Sometimes it may be desired to include code that is not part of the Markdown sources. Further, it may be necessary to include files in the documentation that are not processed by Yarner, like images. For such cases, Yarner can automatically copy files into code and documentation output.

Copying files

Section [paths] of a project's Yarner.toml provides options to list files and patterns for copying files unchanged, code_files and doc_files. Both accept a list of file names or glob patterns.

As an example, with the following setting Yarner copies all .png and .jpg files from directory img to docs/img:

doc_files = ["img/*.png", "img/*.jpg"]

Equivalently, one could automatically copy all Rust files from src to code/src like this:

code_files = ["src/*.rs"]

Modifying paths

In some cases it may be inconvenient to be forces to equal structure in sources and outputs. Through options code_paths and doc_paths, paths can be modified to some extent during processing.

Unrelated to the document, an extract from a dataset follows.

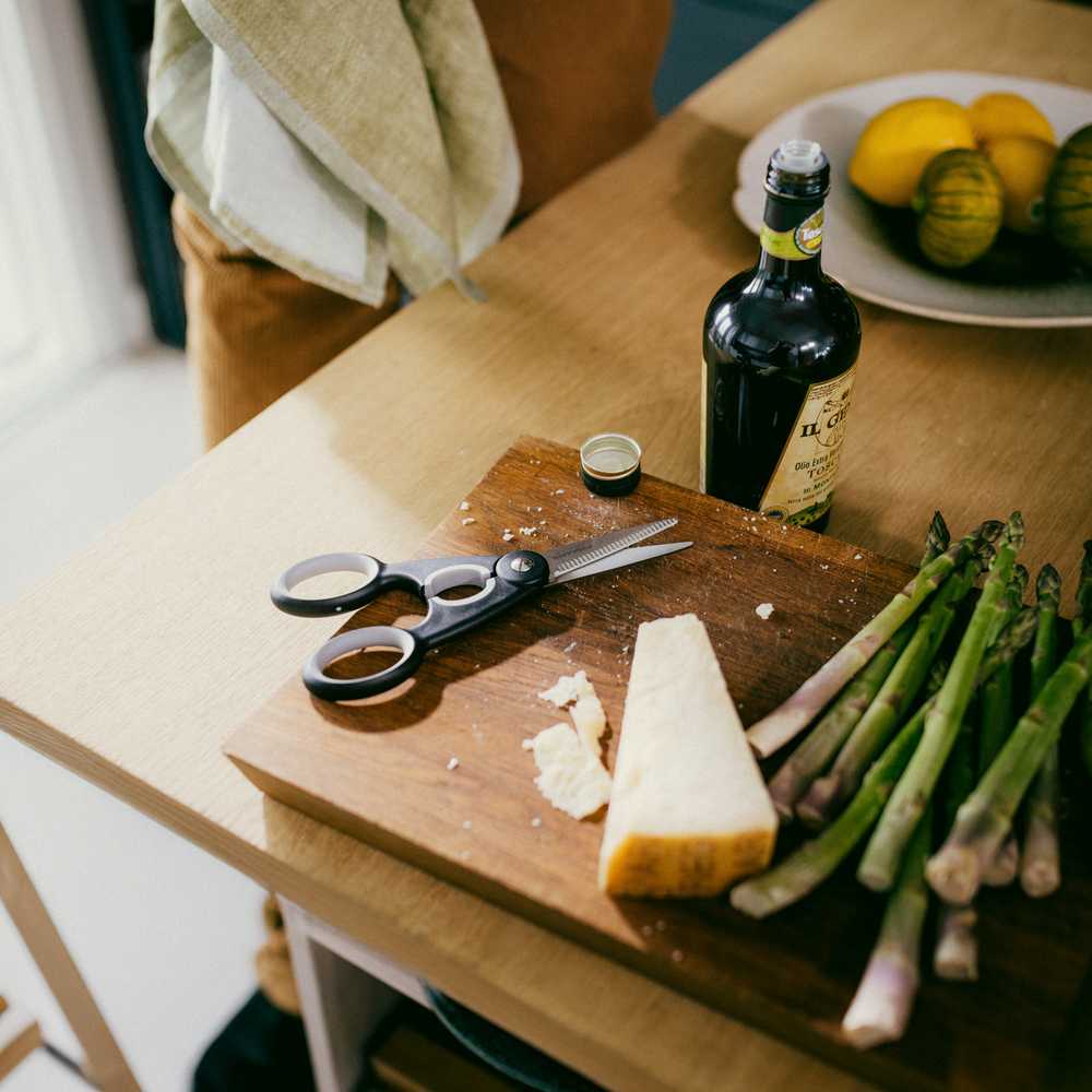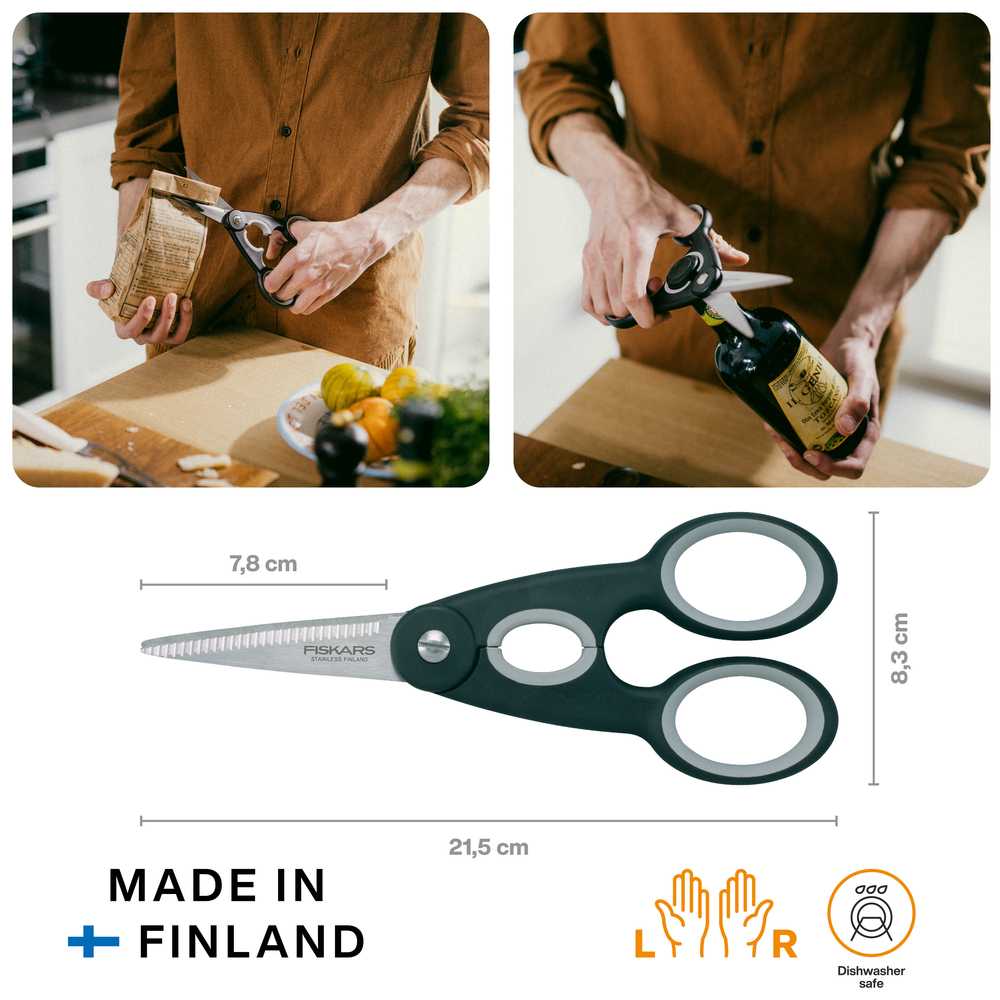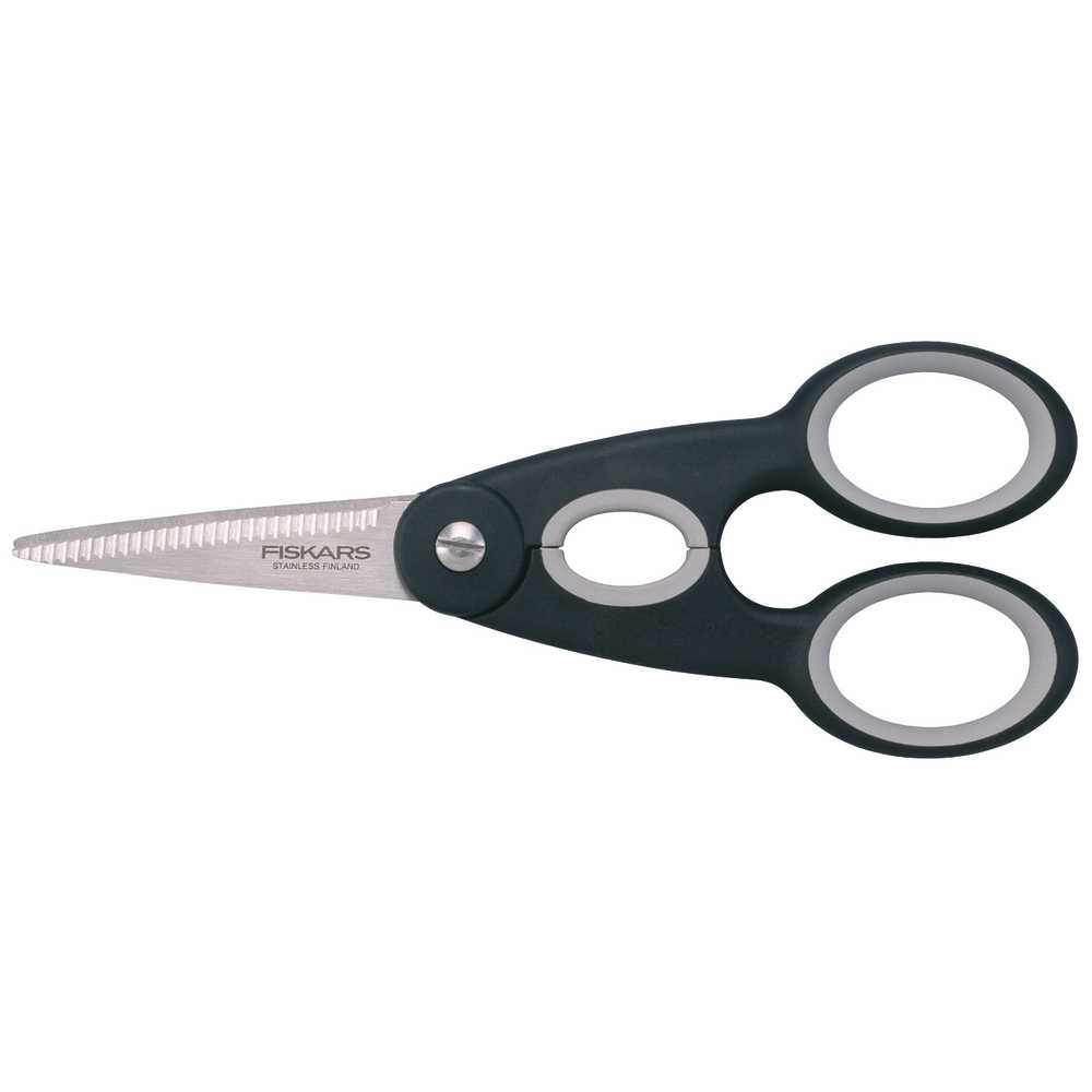 Кухонні ножиці Fiskars Functional Form™ (1003034) функціональні, міцні та сучасні. Їх широкі, міцні леза легко ріжуть папір та картон, а також пластик, упаковку та багато інших матеріалів на кухні та в побуті. Зубчасте нижнє лезо разом із регульованим натягом леза фіксує матеріал та полегшує різання. Ідеальне зчеплення забезпечується м'якими ручками Softouch®, які забезпечують додаткову безпеку завдяки ковзаючій поверхні. За допомогою овальних заглиблень між рукоятками можна легко відкрити щільно прилеглі гвинтові кришки (наприклад, пляшки з водою).
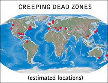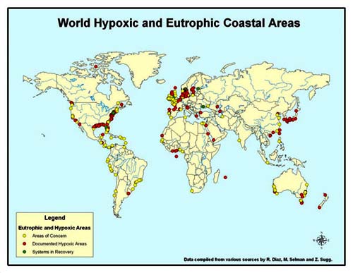 سراسر جهان در اثر این پدیده به نواحی مرده تبدیل شده اند ، که اگر مناطق ساحلی

Currently, only replacement of path components as well as omission of components are supported.

As an example, some files may be required to end up at the top level directory of the code output, but should not be at the top level of sources. In the following example, all files and folders from directory additional-code are copied directly into the code output folder:

code_files = ["additional-code/**/*"]
code_paths = ["-"]

When present, options code_paths and doc_paths must have as many entries as code_files and doc_files, respectively. Each entry of e.g. code_paths is applied to the corresponding entry in code_files.

Possible modifications:

  • Use foo/bar to replace the first two path component by foo and bar.
  • Use - (minus) to omit, and _ (underscore) to preserve a component.
  • Use a single _ (underscore) if no path change is intended at all.